RESULTS: Ketoconazole significantly increased area under the plasma concentration-time curve, plasma concentration at 12 hours after the dose, and half-life of ritonavir by 29% (95% confidence interval (CI), 13%-46%), 62% (95% CI, 37%-92%), and 31% (95% CI, 13%-51%), respectively. Similar increases of 37% (95% CI, 4%-81%), 94% (95% CI, 41%-167%), and 38% (95% CI, 15%-66%), respectively, were observed for these parameters for saquinavir. Ketoconazole significantly elevated ritonavir CSF concentration by 178% (95% CI, 59%-385%), from 2.4 to 6.6 ng/mL, with no change in paired unbound plasma level (26 ng/mL); this led to a commensurate 181% increase (95% CI, 47%-437%) in CSF/plasma unbound ratio. All pharmacokinetic changes were unrelated to ketoconazole dose or plasma exposures. Corresponding changes for saquinavir CSF pharmacokinetics were insignificant (P > .06); saquinavir CSF levels were unmeasurable in 7 patients (ɘ.2 ng/mL).

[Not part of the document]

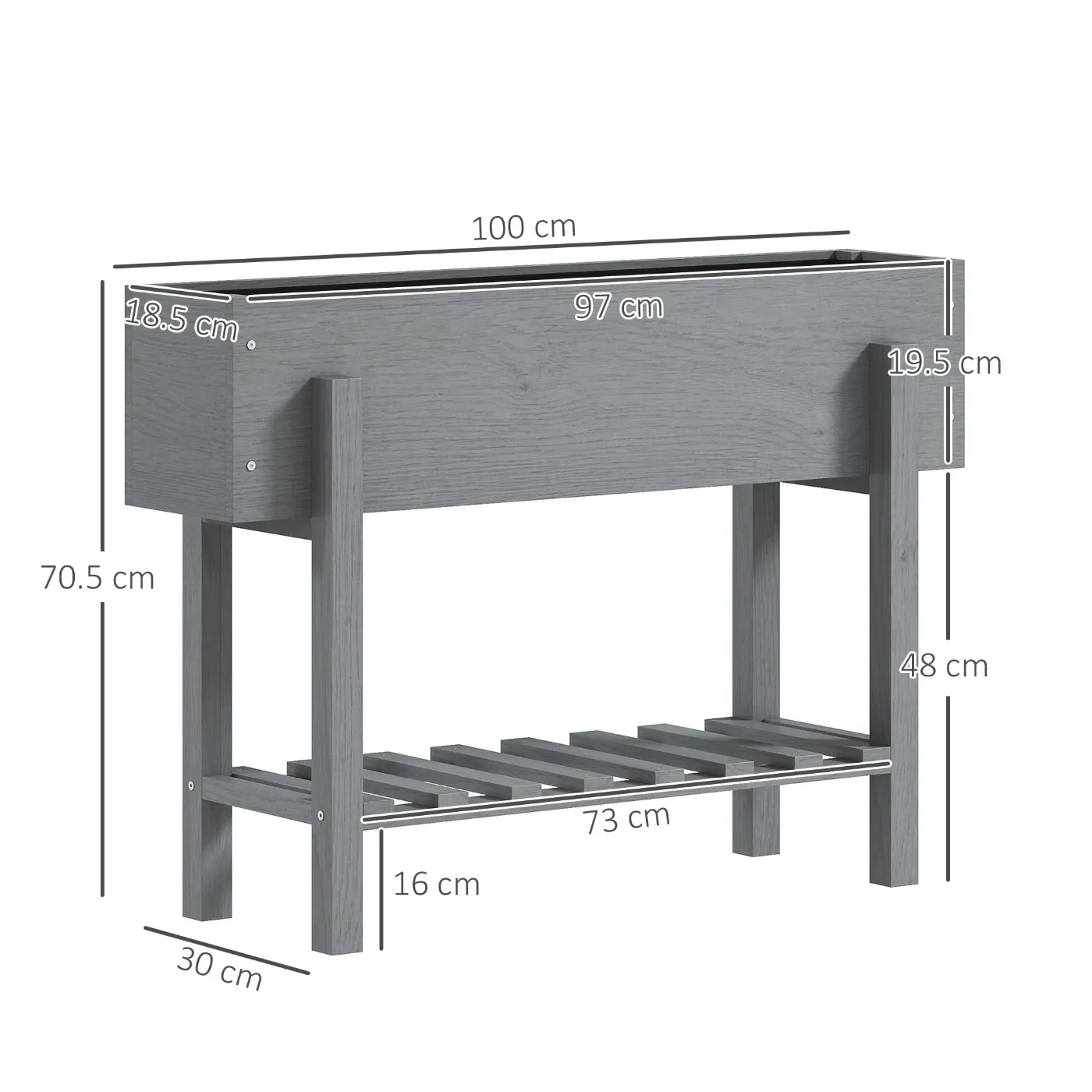 - DIMENSIONS: Product Dimensions: 100W x 30D x 70.5H cm. Internal Area Dimensions: 97W x 18.5D x 19.5H cm. Weight Capacity: 50 kg (planter), 25 kg (shelf). Assembly Required

The authors concluded that the disproportionate increase in CSF compared with plasma concentrations of ritonavir is consistent with ketoconazole inhibiting both drug efflux from CSF and systemic clearance. Clinical implications of these data are still unclear.
Khaliq Y, Gallicano K, Venance S, Kravcik S, Cameron DW. Effect of ketoconazole on ritonavir and saquinavir concentrations in plasma and cerebrospinal fluid from patients infected with human immunodeficiency virus. Clin Pharmacol Ther 2000;68:637-46.